Nepal Minute - out of the ordinary


Had his corporate stars aligned Rajan Singh Bhandari, the incumbent Executive Director and senior most among the equals, would have moved up his career as Deputy Governor of the Nepal Rastra Bank. And, he would have taken a deserved leap towards one of his maternal uncle's wishful prophecy decades ago: Bhanja, I'd like to see you as the Governor. 

Had his superiors kept his word, he would probably have gone on to become the Governor, succeeding his boss Bijaya Nath Bhattarai. But then Governor Bhattarai had an alternative scheme obscurely founded upon the writing on the central bank walls: That Bhandari as Deputy Governor would overshadow him. Governor Bhattarai had apparently shared his anxiety with country head of the International Monetary Fund at that time.  

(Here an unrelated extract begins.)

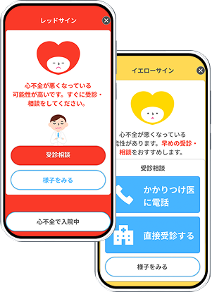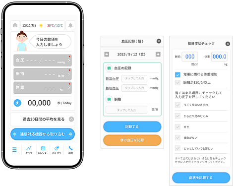 血圧・脈拍・体重・症状を入力します。数値や症状によって増悪スコアを算出。早期の受診が必要な場合にはサインが表示されます。

This is just a tip of the iceberg – if you read renowned banker Bhandari's autobiography, Aafailai Niyalda which was released in Kathmandu on Saturday (29th June). The autobiography is published by Minute Media, an upcoming start-up that fancies specializing in telling compelling stories of Nepal and the Nepalis.  

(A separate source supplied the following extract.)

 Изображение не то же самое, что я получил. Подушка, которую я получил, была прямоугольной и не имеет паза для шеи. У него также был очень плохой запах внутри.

In his autobiography, Bhandari introspects over four decades of his banking career, including the 26 years at the central bank where he learned and mastered the art of total banking. Bypassed for the most deserved position of deputy governor, Bhandari felt humiliated and saw no point in sticking to the job. Several months ago, Bhandari had intimated to Governor Bhattarai that he would make an exit if he was denied. 

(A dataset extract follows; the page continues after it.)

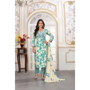Sea Green Color Rayon Fabric Designer...
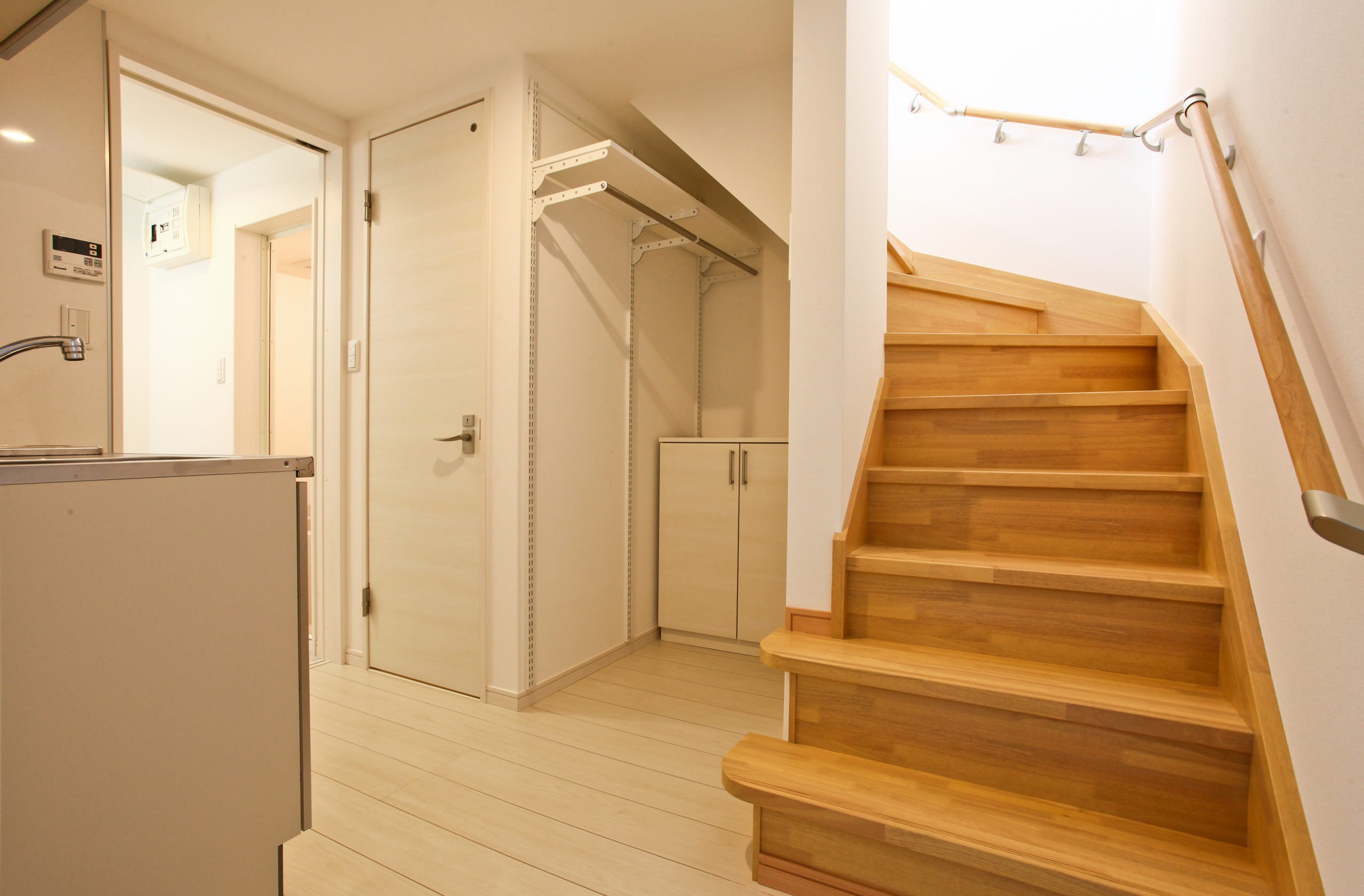 1階に玄関と水回り、2階に居室を配置したメゾネット型のワンルームアパートです

He kept his words. He resigned.

Unstoppable persona


Bhandari's transitional plan after quitting the central bank was that he would take to teaching and he had enrolled for an M.Phil. Degree at Kathmandu University. A Chartered Accountant by training, he already had a Masters in Economics from the Tribhuvan University. 

But then destiny had other plans in store. 

Kalu Gurung, a top real estate broker of the time, and Surendra Bhandari, a reputed banker came by. The three met in a hotel. Gurung had a mind of using Bhandari's banking expertise to open a commercial bank and pledged on behalf of his group an investment worth a billion rupees. At the time, commercial banks would require a paid up capital of one billion rupees and an authorized capital of two billion to apply for a license.

The proposal made sense to an emotionally injured banker, with 16 years of regulatory experience at the central bank. The three teamed up, flexed their muscles and pulled strings.

Rajan Singh Bhandari formally tendered his resignation as the Executive Director of the Central Bank on 31st December 2006. The following day (1st January 2007) he was appointed the CEO of the Citizens International Bank. 

The rest, as they say, is history.

Ecapades and family feuds


Bhandari's 312-page autobiography is not just about the circumstances surrounding his banking career. In 13 chapters, the banker also writes about interesting personal escapades, including his mischiefs while growing up as a privileged son of a Terai landlord and the entitlements that a pampered child enjoyed, and a happy at the same time a rigorous childhood under strict family disciplines. He regales many of those tales. 

Last but not the least, this deserves to be stated that Bhandari goes an extra mile while chronicling his personal life trajectory. While family feuds are at best downplayed in passing references as minor misunderstandings between siblings and the kith and kin, Bhandari leaves no holds barred dedicating a whole chapter to explain the ongoing tussles with his younger brothers over ancestral property.

Former Minister Sharat Singh Bhandari, one of the nephews of the autobiographer, who was the chief guest to the book launch, hoped his uncle's public acknowledgement and position on the family feud could actually contribute to find a solution to the conflict.

Will it? Nobody can say just yet.

Rajan Singh prefers to leave that to circumstances as they unfold. For him, live rolls on and the journey continues.